"Kenapa kura-kura itu bisa menang,
Bu?" tanya Hasan, seorang bocah yang duduk di tengah dengan teman-temannya
yang lain. Pertanyaan itu terlontar seusai aku membacakan dongeng klasik antara
Kelinci dan kura-kura yang berlomba lari.
Ya, kalian pasti pernah dengar. Kelinci sombong
mengajak kura-kura berlomba lari, padahal ia tahu binatang bertempurung itu
terkenal dengan jalannya yang lambat. Namun kura-kura cerdik, ia meminta
bantuan beberapa temannya sesama kura-kura untuk menunggu di beberapa titik dan
bersemubunyi.
Mereka akan muncul satu persatu setelah kelinci
berada di titik-titik persembunyian mereka, seakan kura-kura itu berlari dengan
cepat. Dan kalian tahu apa akhir dari ceritanya, kura-kura terakhir yang
menunggu ada di garis akhir lomba. Kura-kuralah pemenang lomba itu.
Namun tadi itu pertanyaan dari Hasan adalah
pertanyaan klasik yang selalu aku temui sebagai pendongeng panggilan saat
anak-anak selesai mendengarkan cerita kelinci dan kura ini, "Ya karena
kura-kura cerdik, kelinci tidak sadar dengan kecerdikan kura-kura seperti di
cerita tadi." dan ini jawabanku yang juga selalu berhasil dengan
pertanyaan klise tersebut.
"Kalau itu Hasan juga tahu, Bu..."
anak tadi berkata lagi, si Ibu Guru yang sejak awal aku datang selalu di menemaniku, terlihat mengerutkan kening, sama
sepertiku, "Terus, Hasan mau tanya apa?" Ibu Gurunya bertanya balik
ke Hasan, "Hmmm..." anak itu tampak tertegun, gemas aku melihatnya.

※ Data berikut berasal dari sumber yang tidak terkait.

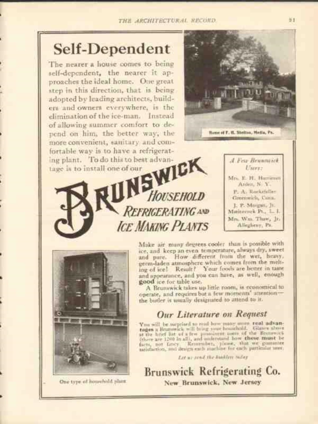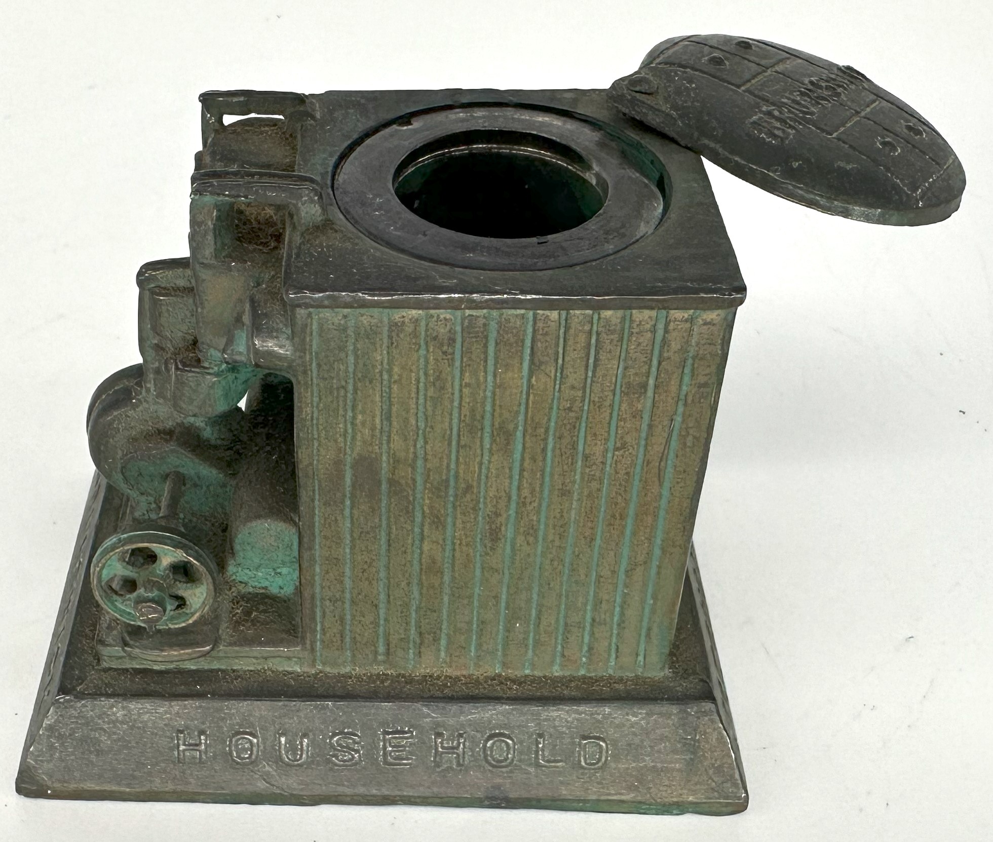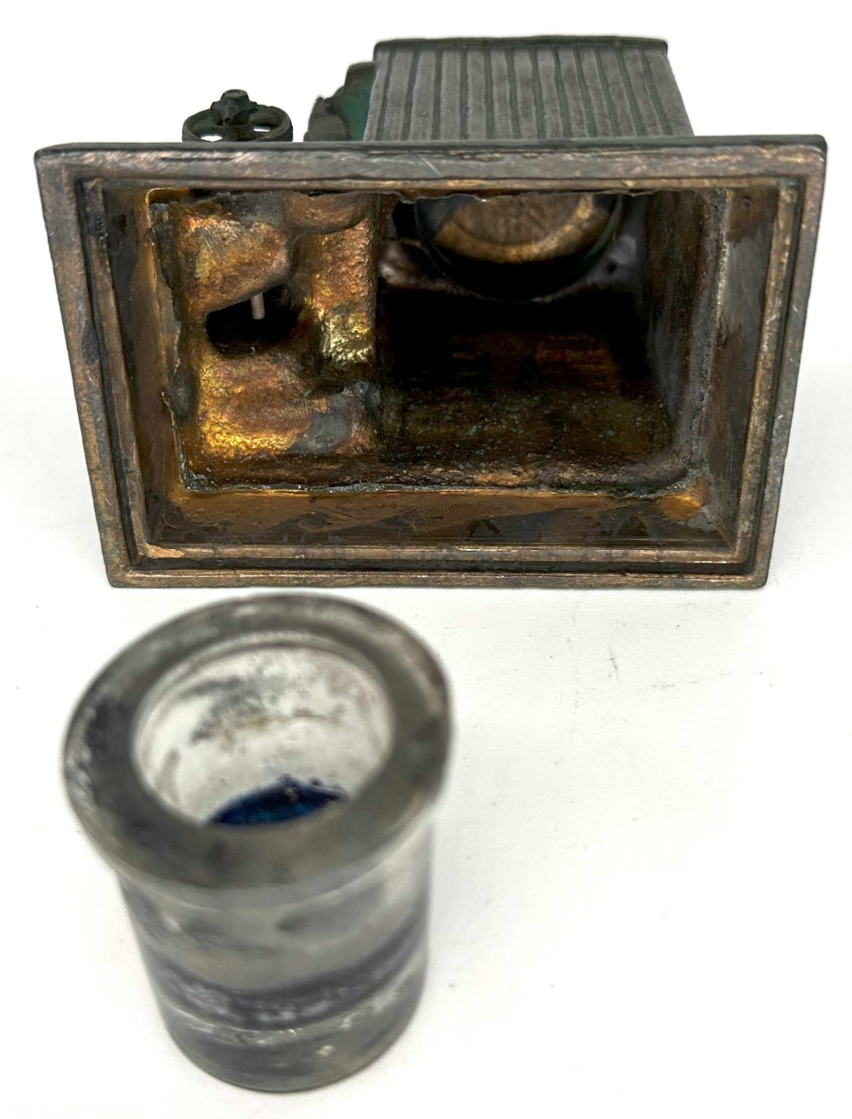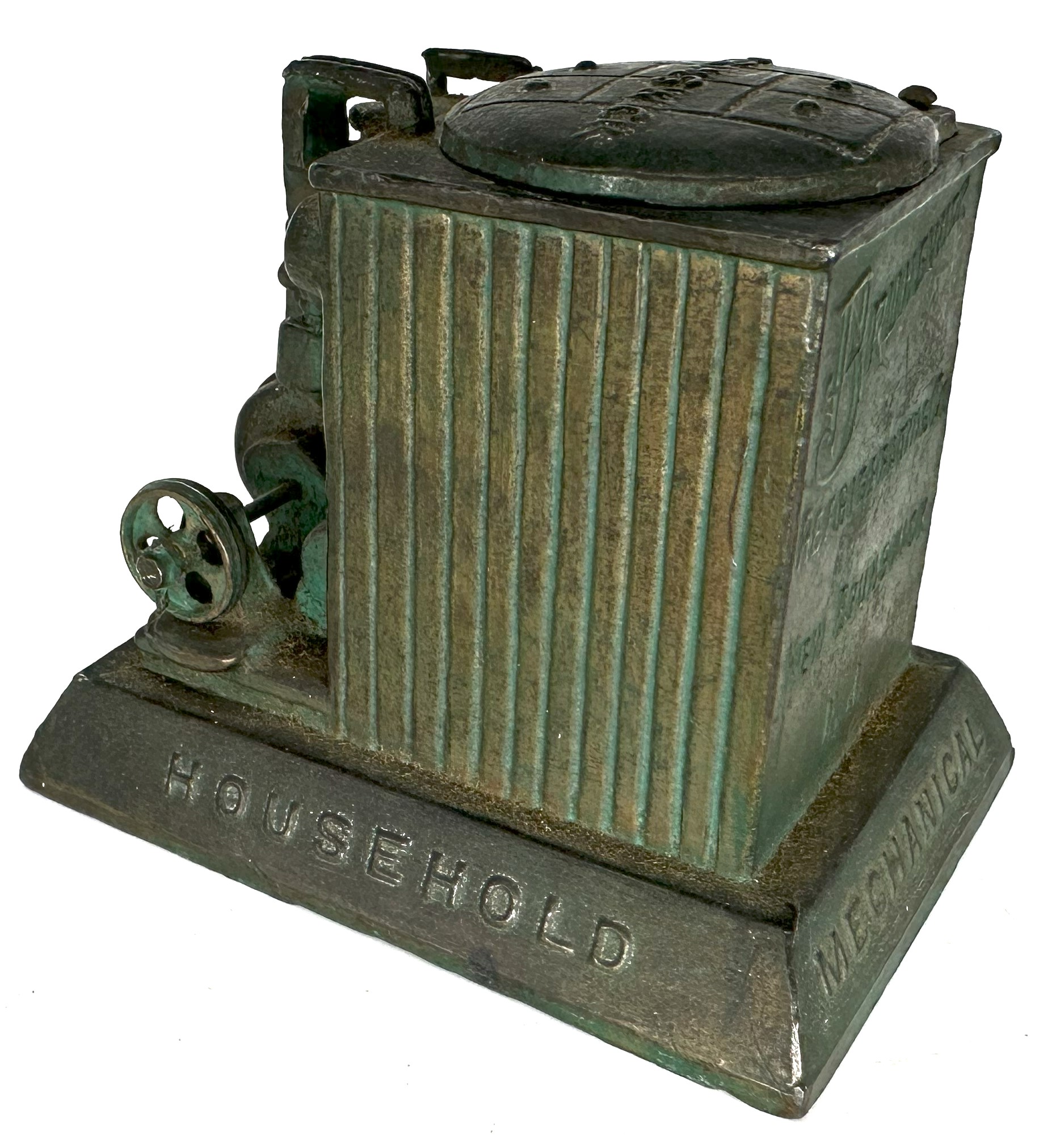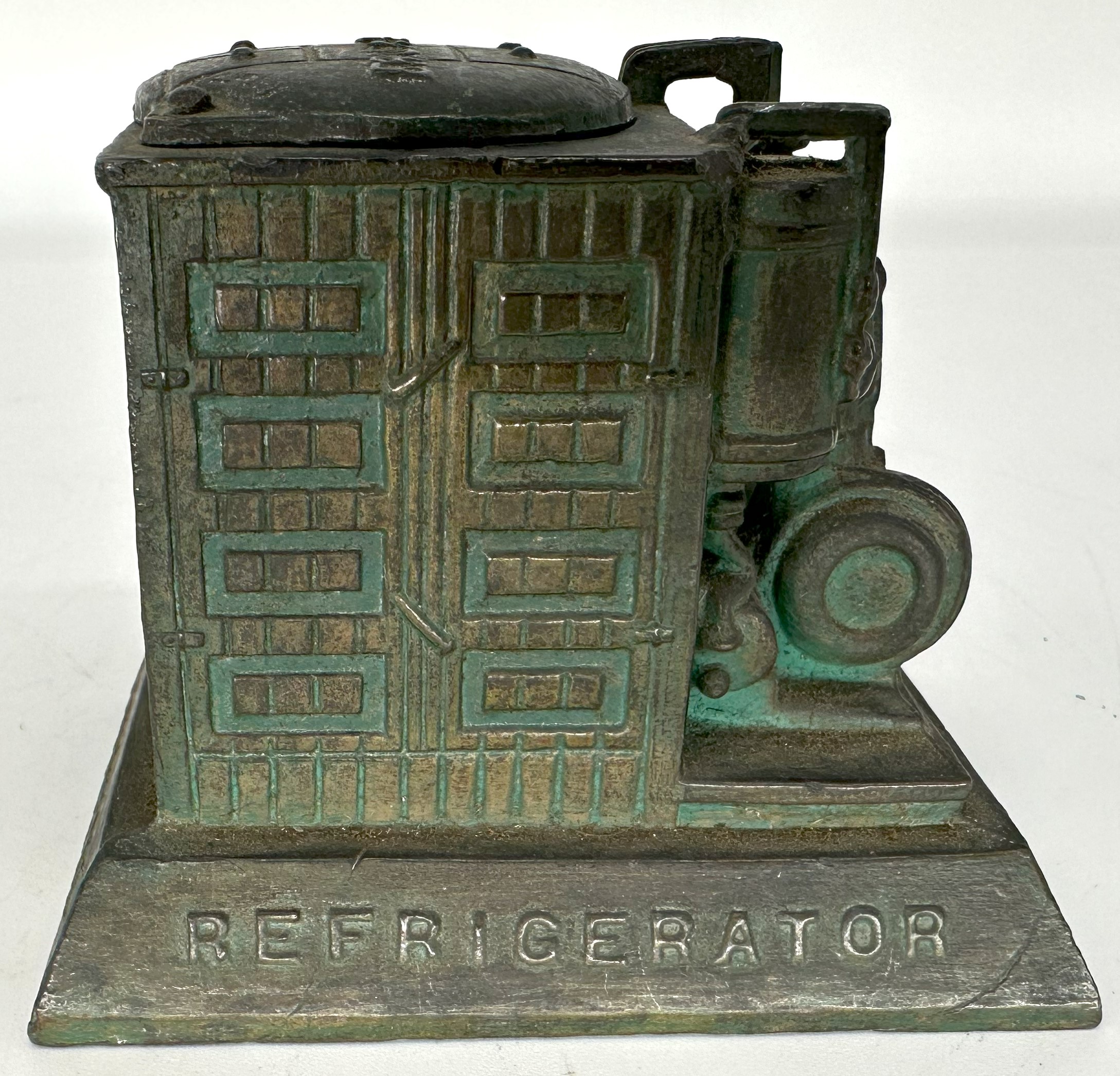 An intricately cast metal Brunswick refrigerator unit in the form of an inkwell. The front is marked “Brunswick Refrigerating Co., New Brunswick, N.J. The base is marked “Household”, “Mechanical”, Refrigerator”. The is a swivel lid covering the glass inkwell. The intricate casting shows the details of the unit. The wheel on the side turns.
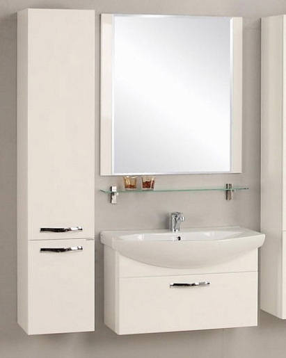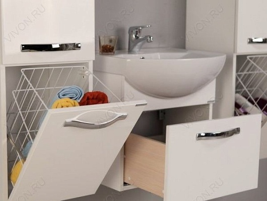 Комплектация: глубокий выдвижной ящик с системой хранения. Корпус из глянцевого ЛДСП, фасады — МДФ (глянец), хромированая фурнитура, фаянсовая раковина "Смайл 80". Усиленные навесы входят в комплект.
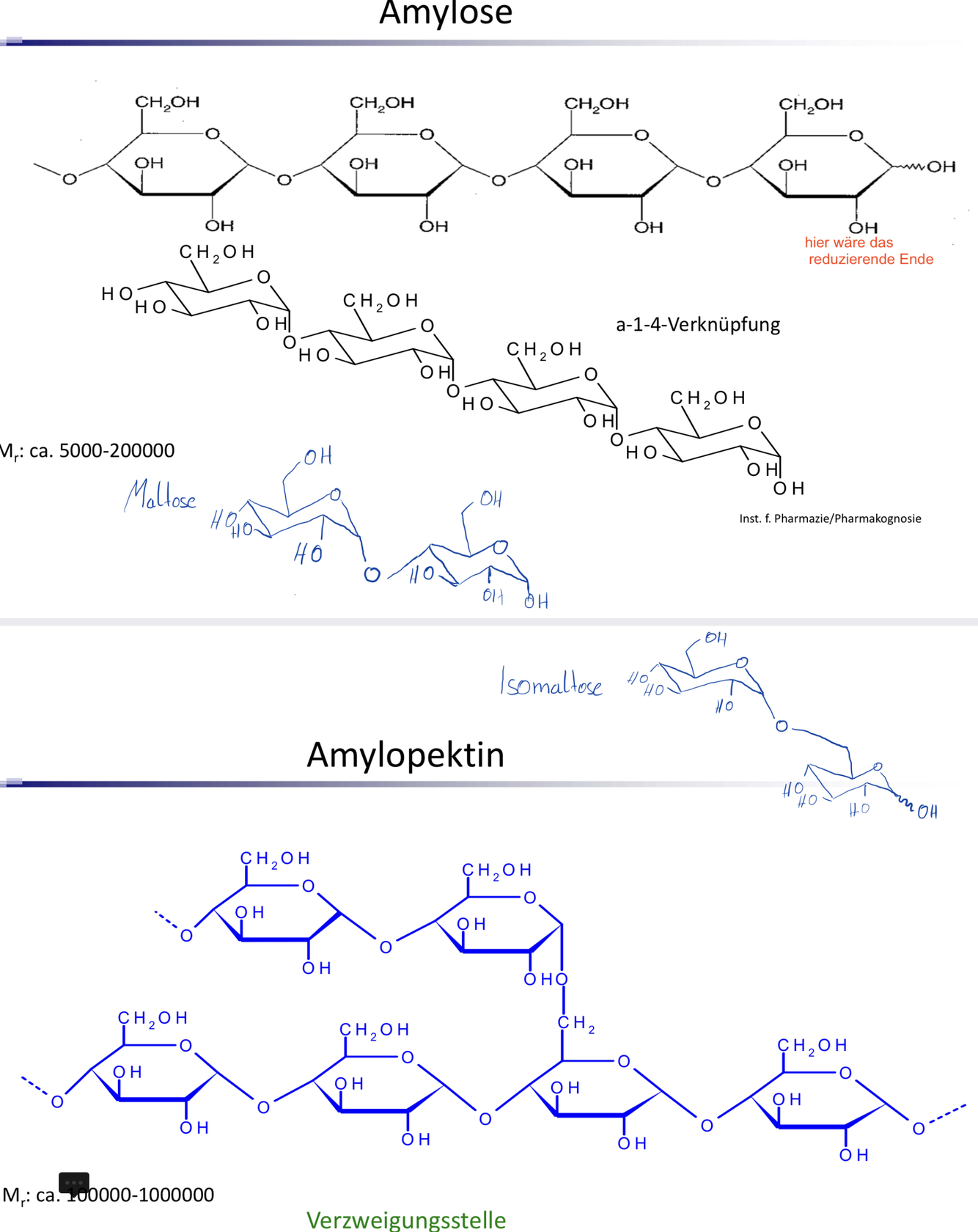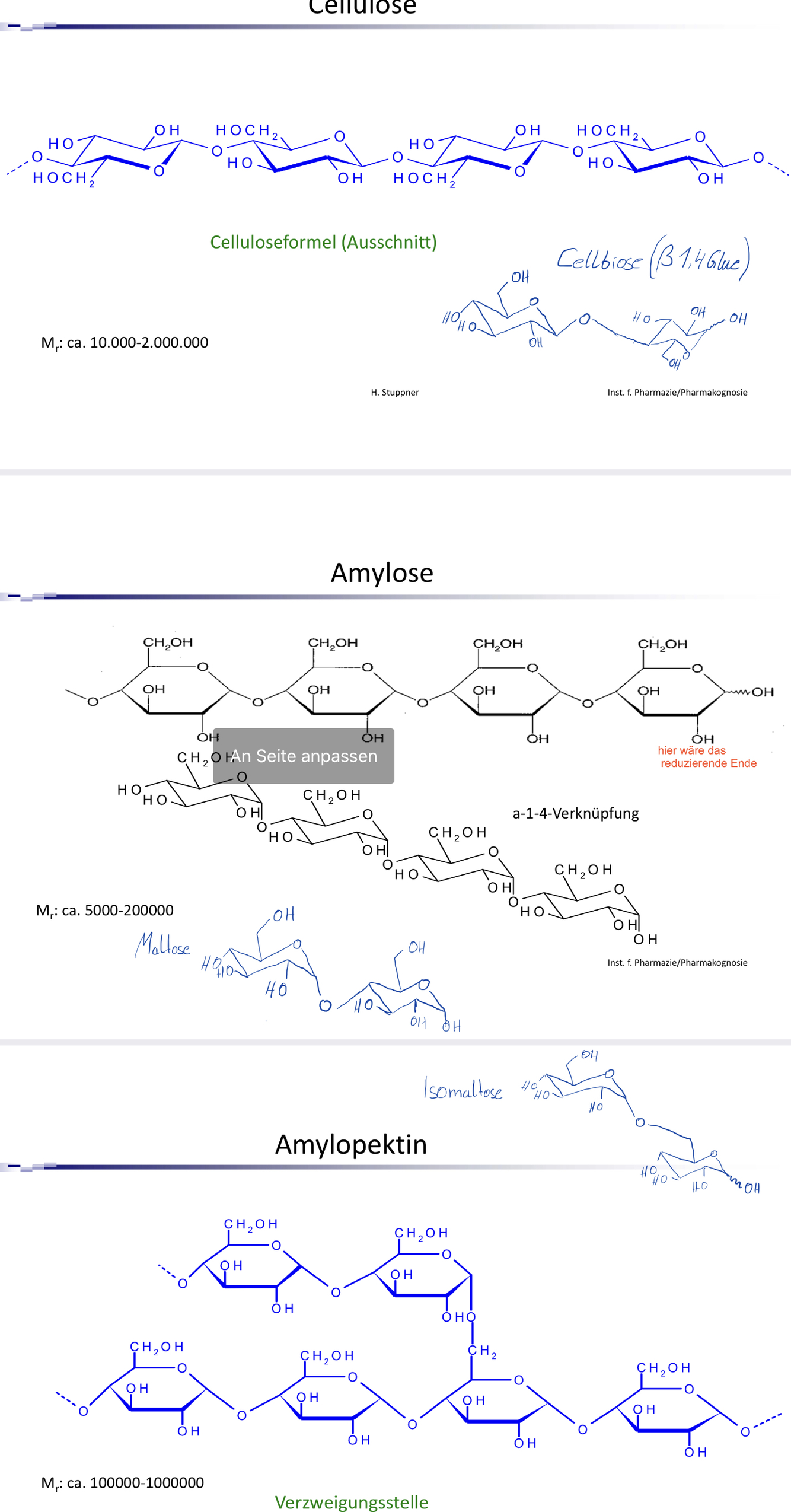 alles zu Stärke; Aufbau: warum helikale Struktur? Wie wird Iod genau eingelagert? Und warum ergibt das überhaupt eine Farbe, wie entseht die blaue Farbe? Die Notizen, die dazu im Studienskript sind haben ihm nicht ausgereicht; Abbau: was entsteht da und was ist das?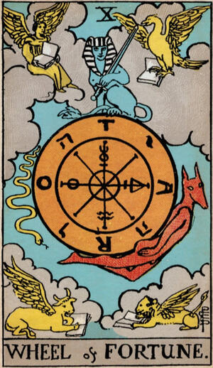วงล้อยักษ์ที่ล้อมรอบไปด้วยเทพเจ้าอียิปต์อะนูบิส เทพเจ้าแห่งความตายเซท เทพเจ้าแห่งความโกลาหลและสฟิงซ์ซึ่งเป็นตัวแทนของความรู้และสติปัญญา ในมุมไพ่จะเห็นสิ่งมีชีวิตมีปีก4ตัวสอดคล้องกับพวกกลุ่มราศีกุมภ์ ราศีพฤษภ ราศีพิจิก และราศีสิงห์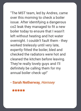 If there's an emergency, we're super quick, arriving within an hour. Even for regular questions, we get back to you in just 2 hours. With us, you're not just getting a new boiler; you're getting peace of mind and fast, reliable service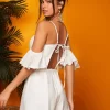 Details: Ruffle, Contrast Lace, Backless, Tie Back, Zipper

"Hasan tahu kura-kura cerdik dan kelinci
kalah lomba lari. Yang mau Hasan tanya, kenapa kura-kura bisa menang? Padahal
kura-kura udah berbohong, kata Ibu Guru, kita ga boleh berbohong, dosa kan ya
Bu?" wah, pertanyaan apa ini? Aku dan Bu Guru tadi bengong dibuatnya. Lalu
apa yang harus aku jawab? Dia memang bohong dan itu dibolehkan?
"Iiihhh... Hasan nanyanya
ngebingungin!" seorang gadis di sampingnya menimpali, kalau tidak salah
nama gadis itu saat perkenalan tadi Anita, "Bu, biar Anita yang
jawab!" wuih... Ini seru, Bu Guru dan aku tertawa, kami berdua mengangguk,
"Coba Anita yang jawab, Ibu mau dengar!" jawabku akhirnya.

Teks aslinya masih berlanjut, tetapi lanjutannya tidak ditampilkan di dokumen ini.